Она висит в нескольких сантиметрах над полом, покачиваясь на крепких железных цепях. Наручи впиваются в кожу, но этого она не чувствует так же, как и боли. Все ее тело — один сплошной нерв, который то и дело прижигают огнем. Кровавые дорожки успели засохнуть на лице, и она не ощущает его, будто кто-то напялил на нее плотную маску.

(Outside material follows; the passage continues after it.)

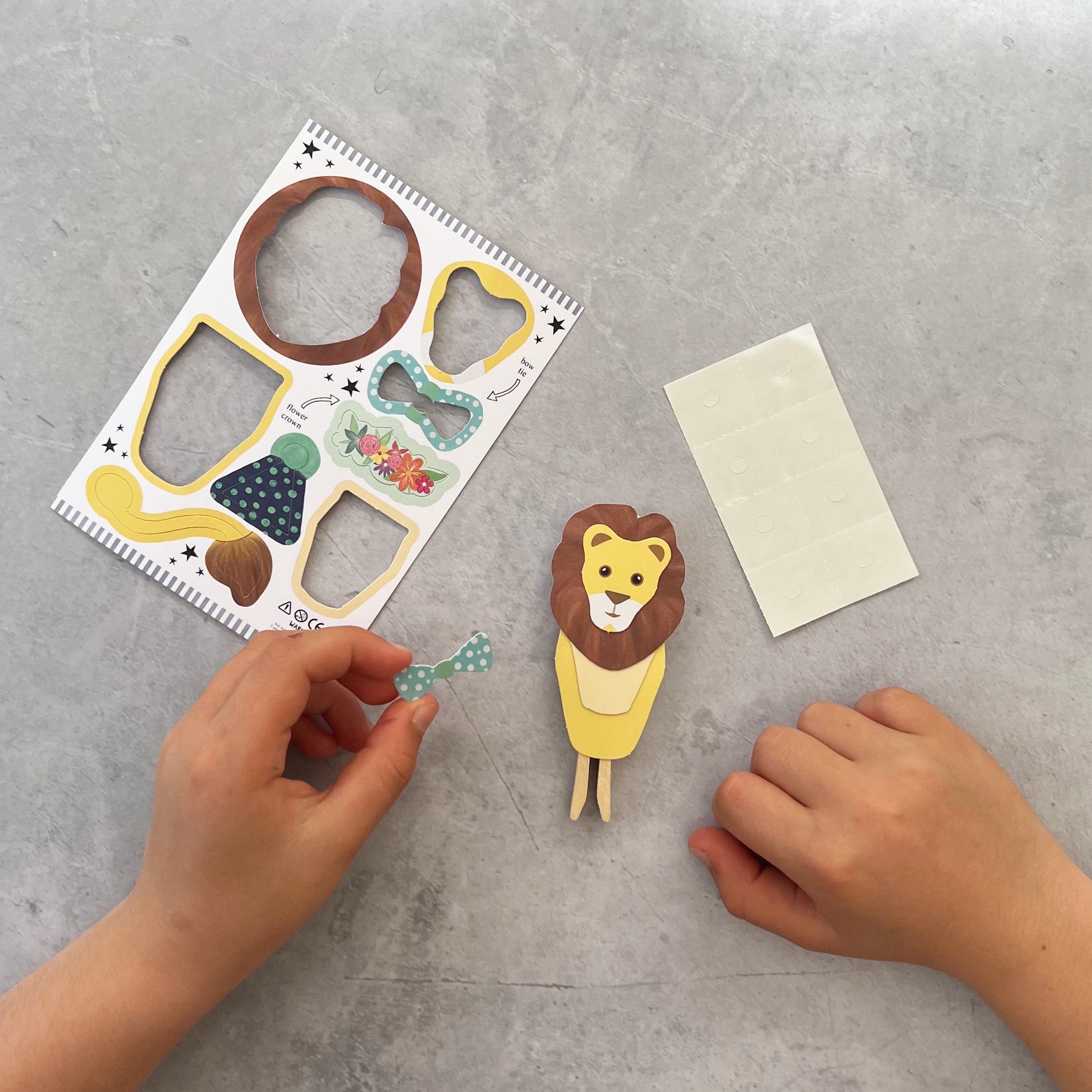 Children love to create, & this lion peg doll is fun to make & sparks imaginative play. Gently push the pre cut shapes out from the sheets, then choose the accessories you love the most. The lion comes with a body, head, tail, mane, bow tie, flower crown & a party hat. Stick the chosen items onto the peg with the glue dots provided to create your doll & immerse yourselves in safari fun.

Очередной тычок в бок — и она начала раскачиваться из стороны в сторону, приводя этим в восторг своих мучителей, вызывая острую жалость у того, кто оказался в этом страшном месте вместе с ней. Тот, кто мог бы облегчить ее участь.
Тодд ничего не хочет: ни спасти своего крестного, ни спасти старика, которого бы не было здесь, не поведи она себя безрассудно. Она не хочет спасти саму себя. Единственное, чего она желает, — это поскорее умереть.
Чтобы тело успокоилось, чтобы боль не заменяла все остальные чувства. Она не хочет чувствовать. Не хочет ощущать. Не хочет жить. Собственная глупость и гордыня привели ее в лапы демонов, и она никого не винит в этом.
Она могла бы сейчас преподавать в каком-нибудь колледже и не знать о том, что скрывает в тени известный ей мир. Она могла бы выйти замуж и стать матерью. Могла бы попросить Амоса стать крестным своих детей. Но вместо этого она побежала вперед за славой и признанием без единой крупицы сомнения. Она могла бы быть сейчас дома. Но никакого «бы» у нее уже не будет.
Мозес молчит, крепко стиснув зубы и кулаки.
Он не смотрит на бедную окровавленную девушку. Она покачивается, как маятник, перед его лицом, а адские создания смеются над ее тихими всхлипами после очередного удара.
Они пытают ее уже слишком давно, а старик продолжает молчать, за что получает болезненный удар в лицо. Сплевывает кровь и приподнимается на руках, с вызовом глядя в глаза своих палачей. Он понимает: стоит ему открыть рот, и их жизни оборвутся. Он не дает себе и Клаудии ни одного шанса на выживание. Но разве ее страдания лучше легкой и быстрой смерти? Разве тайна ангелов стоит этого?
— Господин, — демоны поворачиваются к фигуре, спускающейся по лестнице, и склоняются в приветствии.
Андрас осматривает открывшуюся картину с интересом бывалого критика, который пришел на выставку современного искусства. Ему не впервой видеть столько крови и столько чужой боли. Сколько таких же людей он замучил когда-то? Сколько еще он замучит за свое бессмертное существование?
— Молчат? — темный генерал проходит мимо мужчины на полу и приближается к своей бывшей сотруднице.
— Еще немного — и заговорят, — уверяет его один из демонов, поднимая руку с зажатым в ней кривым клинком. Таким, каким обычно снимают кожу. Он только взял его, но не успел применить.